Exercise materials
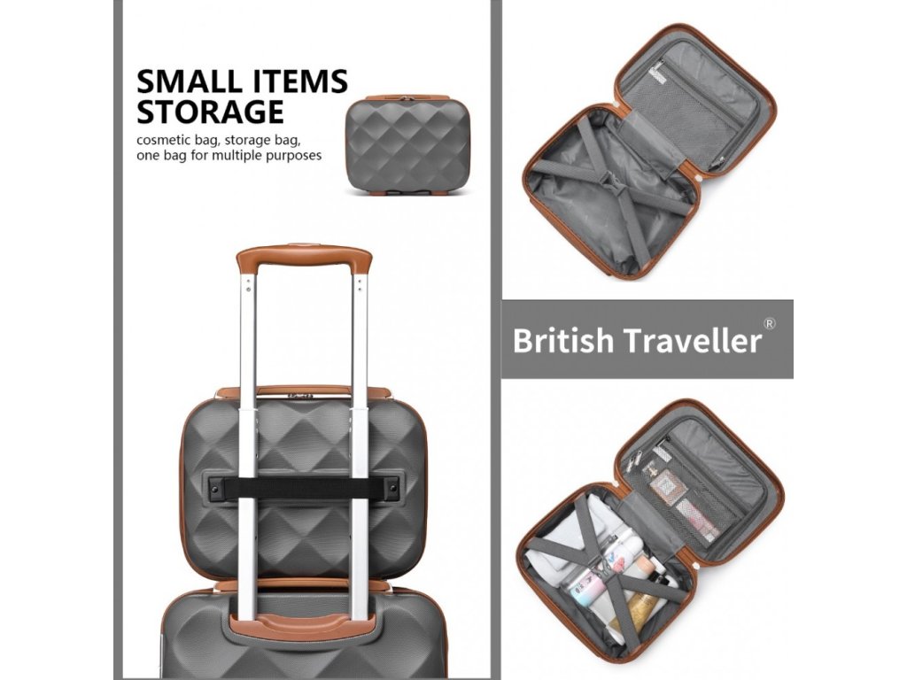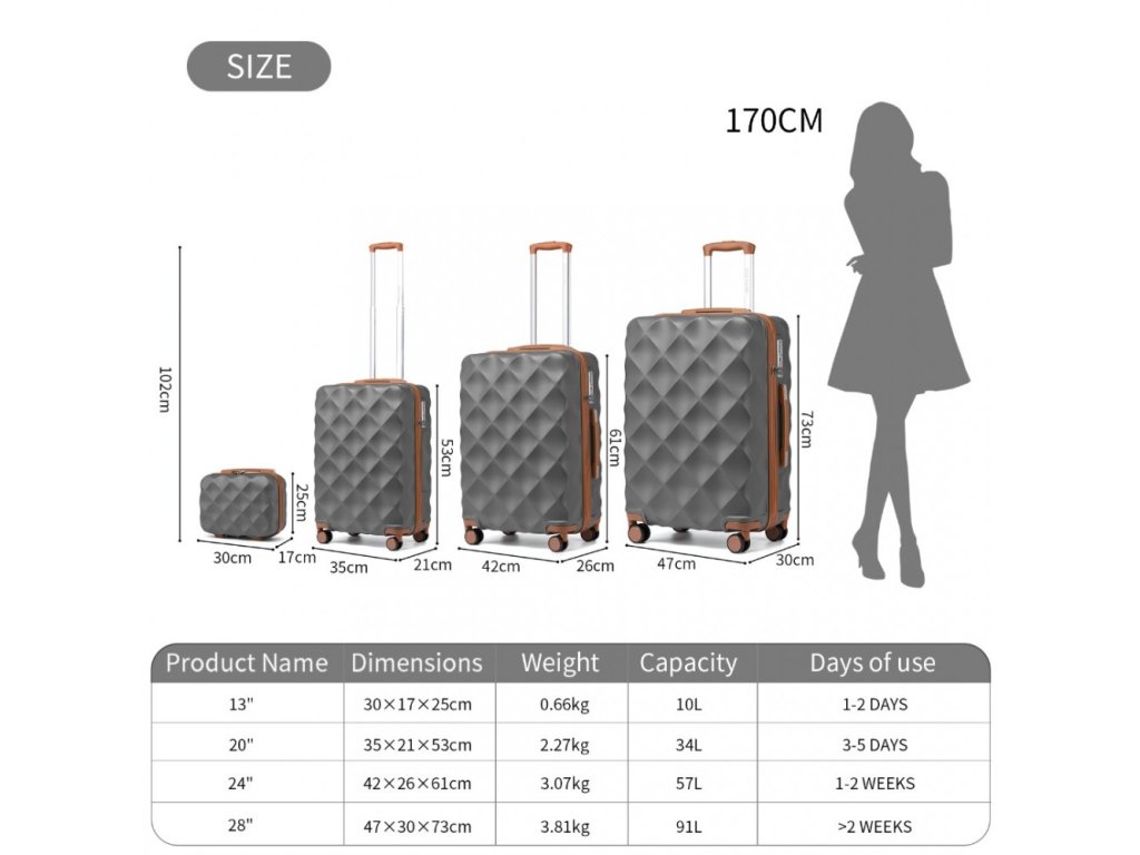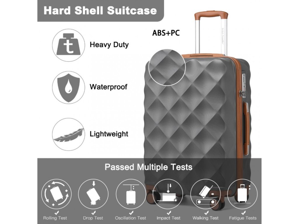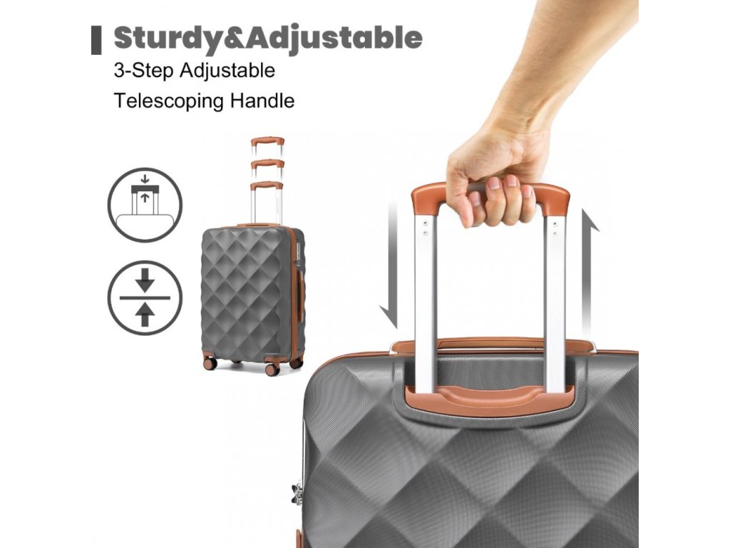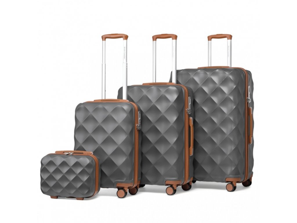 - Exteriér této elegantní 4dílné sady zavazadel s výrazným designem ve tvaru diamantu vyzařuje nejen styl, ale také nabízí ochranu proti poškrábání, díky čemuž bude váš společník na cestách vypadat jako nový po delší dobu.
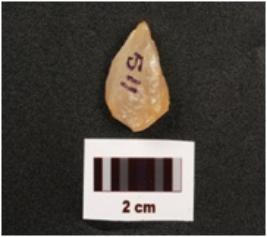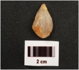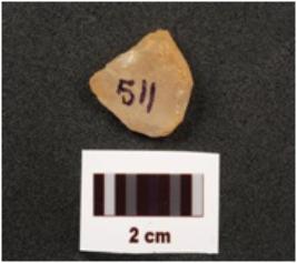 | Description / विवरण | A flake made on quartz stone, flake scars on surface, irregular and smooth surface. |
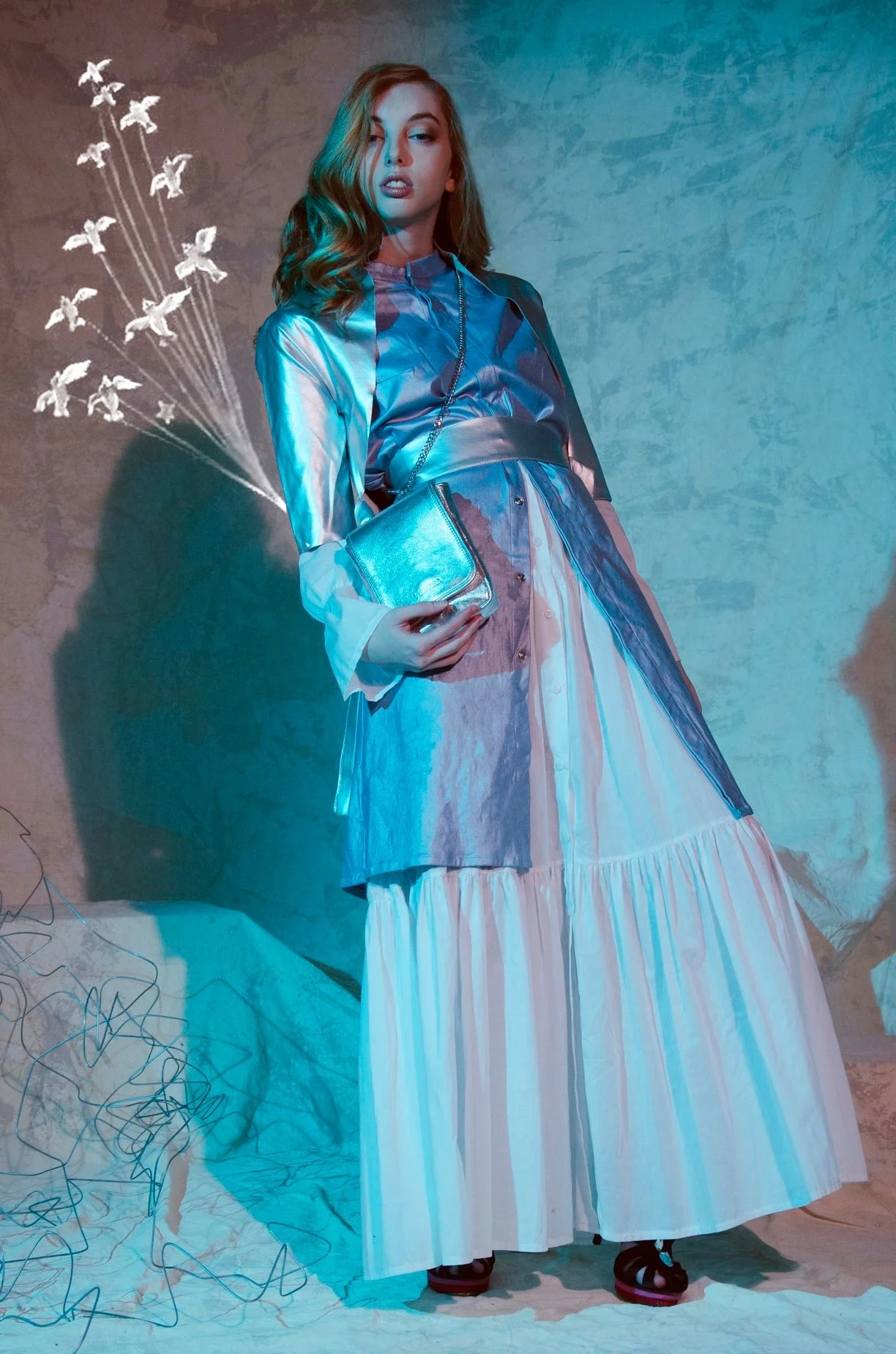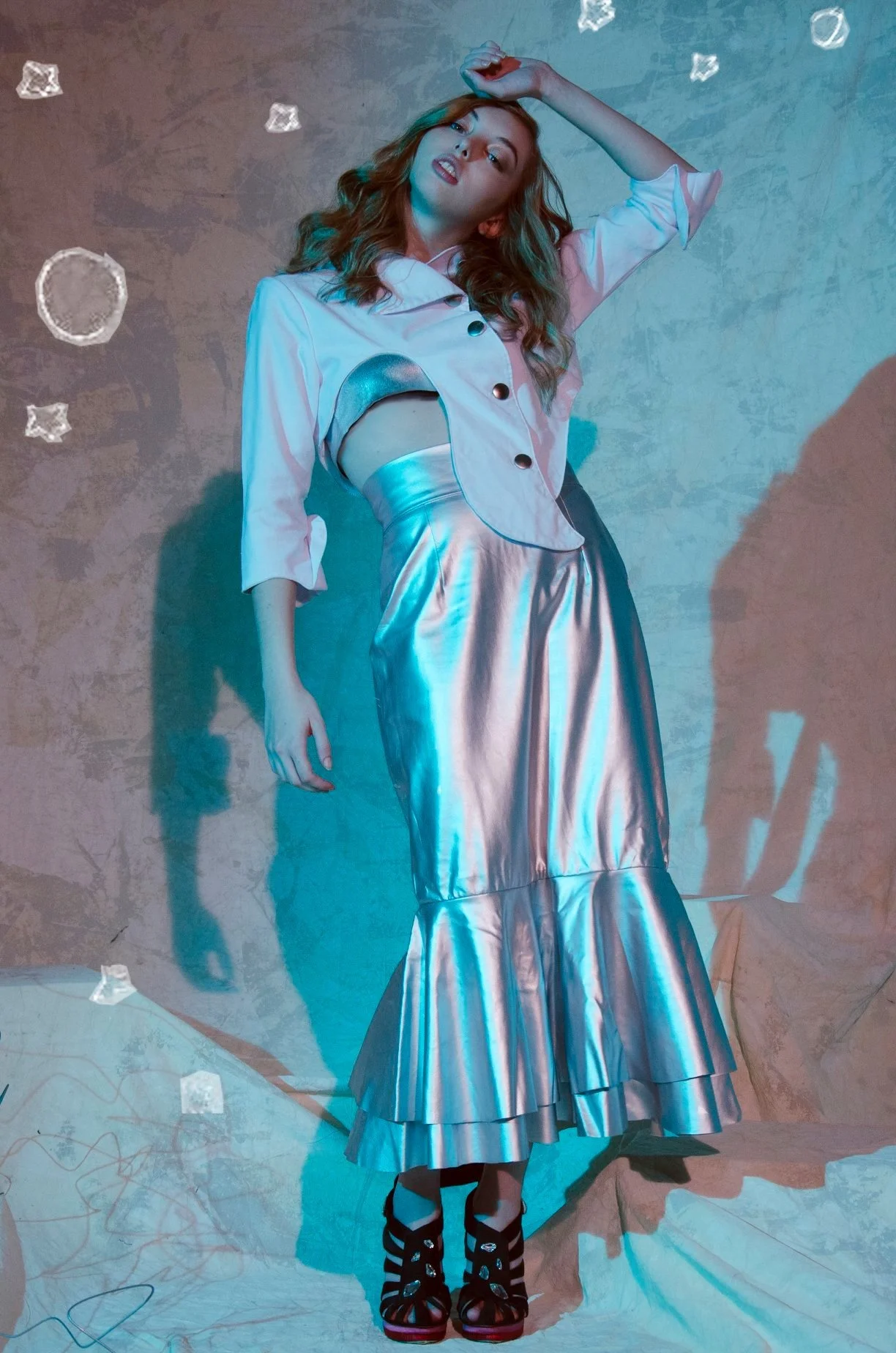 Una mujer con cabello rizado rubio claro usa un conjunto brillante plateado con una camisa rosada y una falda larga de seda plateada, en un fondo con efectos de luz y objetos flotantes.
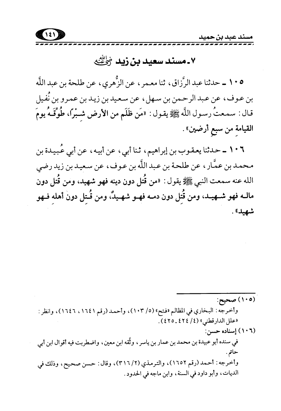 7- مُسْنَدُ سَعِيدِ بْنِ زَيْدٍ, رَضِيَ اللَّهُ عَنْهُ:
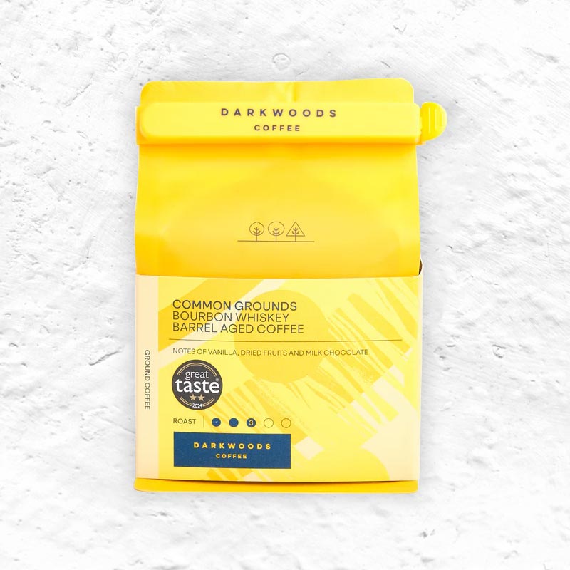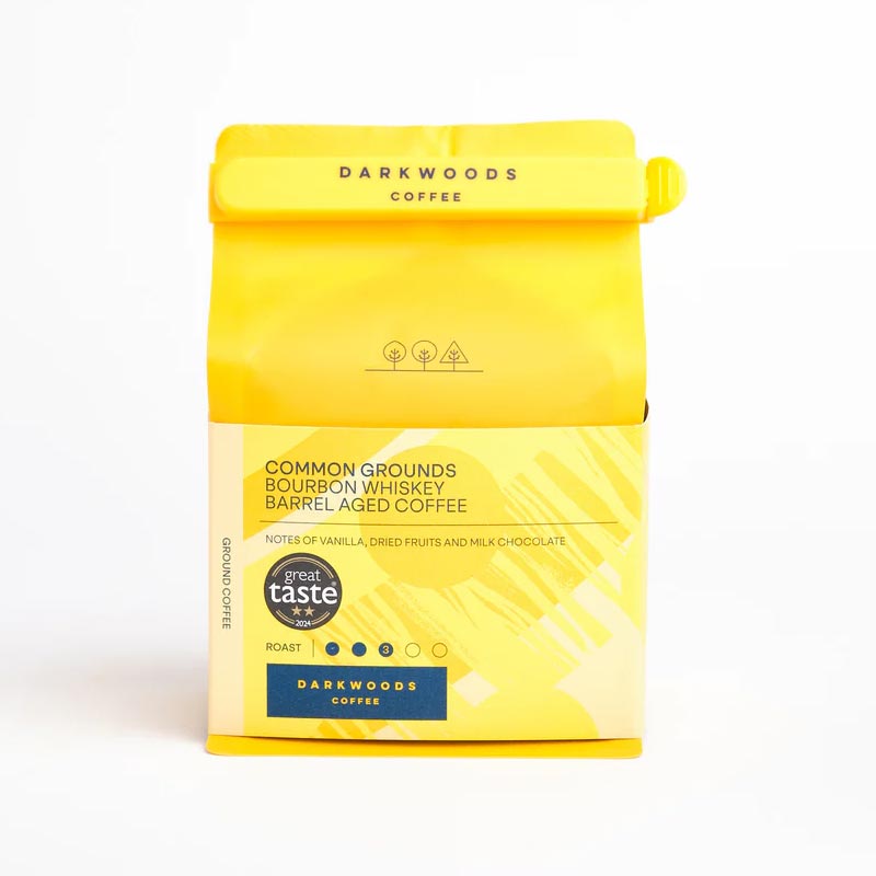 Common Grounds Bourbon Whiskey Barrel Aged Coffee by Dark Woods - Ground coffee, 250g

Exercise
Repeat all entries exactly, pictures excluded.

Task solution
 - Exteriér této elegantní 4dílné sady zavazadel s výrazným designem ve tvaru diamantu vyzařuje nejen styl, ale také nabízí ochranu proti poškrábání, díky čemuž bude váš společník na cestách vypadat jako nový po delší dobu.
 | Description / विवरण | A flake made on quartz stone, flake scars on surface, irregular and smooth surface. |
 Una mujer con cabello rizado rubio claro usa un conjunto brillante plateado con una camisa rosada y una falda larga de seda plateada, en un fondo con efectos de luz y objetos flotantes.
 7- مُسْنَدُ سَعِيدِ بْنِ زَيْدٍ, رَضِيَ اللَّهُ عَنْهُ:
 Common Grounds Bourbon Whiskey Barrel Aged Coffee by Dark Woods - Ground coffee, 250g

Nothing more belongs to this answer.